When all the ingredients are ready, use a heavy-bottomed skillet. Warm up and then pour in half the oil. When it's hot, place the eggplants and fry them a little until cooked, until they turn yellowish. Once this happens, transfer them to a colander or paper towels to drain off excess oil.

Now take the pan again and pour in the remaining oil. Heat it, and then fry the onion until golden brown. Then add the bell pepper to it, stir and fry at moderate temperature for about 5 minutes. Then add the tomatoes, garlic, and half of the minced cilantro, as well as the coriander, black and red peppers. Simmer for 5-7 minutes, then remove the pan from the stove.

After all the preparatory work is completed, take a cauldron or saucepan and put 1/3 of the eggplant there. Top with 1/3 of the tomato roast. Next, send the next piece of eggplant and fry. Finish assembling the ajapsandal with the last serving of eggplant and stir-fry. Garnish the top with chopped cilantro. Leave to soak for half an hour. After that, this wonderful Caucasian dish can be considered ready. It can be served either as a separate dish or as a side dish.

Armenian recipe

Unlike the people of Georgia, in Armenia they like to make ajapsandal more satisfying and are often cooked on the basis of meat.

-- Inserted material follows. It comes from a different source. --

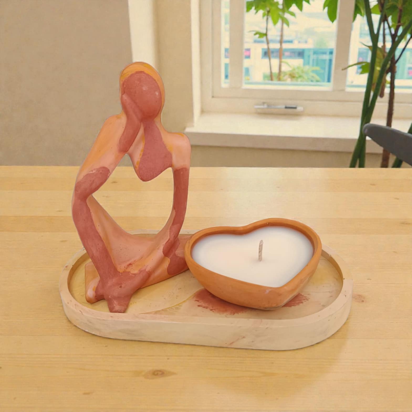Χειροποίητη διακοσμητική σύνθεση από γύψο, με αφαιρετική ανθρώπινη φιγούρα σε ζεστές γήινες αποχρώσεις και καρδιά με φυσικό κερί σόγιας.

To prepare ajapsandal in Armenian you will need:

  • Meat on the bone with fat (lamb or beef) - 800 g;
  • Large potatoes - 4 pcs.;
  • Eggplant - 3-4 pcs.;
  • Onions - 3 pcs.;
  • Fleshy tomatoes - 5 pcs.;
  • Red bell pepper - 3 pcs.;
  • Green bell pepper - 4 pcs.;
  • Rosemary - several branches;
  • Basil - several branches;
  • Hot chili pepper - 1 pc.;
  • Fresh herbs (such as dill or cilantro)
  • Ground black pepper;
  • Salt;
  • Any oil (vegetable or butter) for frying;
  • A cauldron or saucepan with a thick bottom and sides.

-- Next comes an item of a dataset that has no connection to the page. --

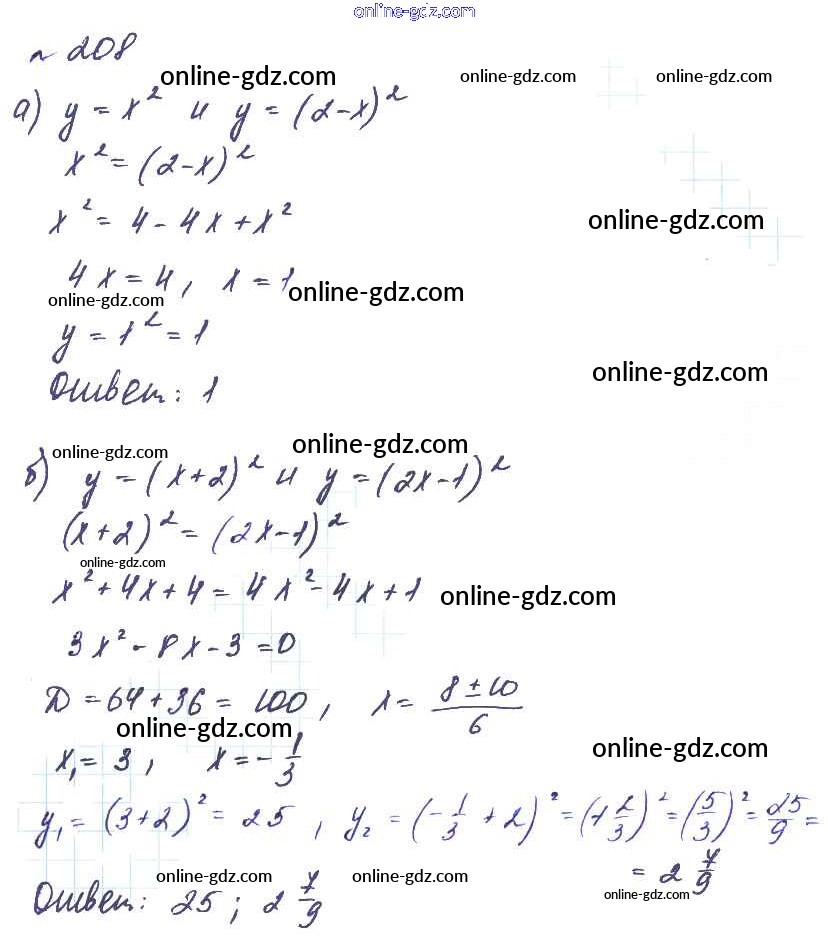 Готовые домашние задания по Алгебре за 8 класс Учебник Макарычев, Миндюк Углубленный уровень 2014 - Упражнения 208

Rinse the meat and cut into medium sized pieces. Peel potatoes and onions and cut into small cubes. Chop the eggplants, bell peppers and tomatoes in the same cubes. You will first need to remove the skin from the tomatoes.

Now take a cauldron (pan) and heat it up. Then add the butter and when it's hot, add the onion and fry until golden brown. Then add the meat and fry until a blush appears. When the meat is fried, pour in enough water so that it barely covers the contents of the cauldron, bring to a boil, then add chili and black pepper. Then lower the temperature to a low setting, cover and simmer for an hour.

When the time is up, add all the vegetables to the broth - eggplant, potatoes, bell peppers and tomatoes. Simmer until the potatoes are tender. 10 minutes remaining, add chopped rosemary and basil and salt to taste.

Serve Armenian ajapsandal in deep bowls sprinkled with any fresh herbs. Thanks to the hearty ingredients, this dish can serve as a complete first or second course.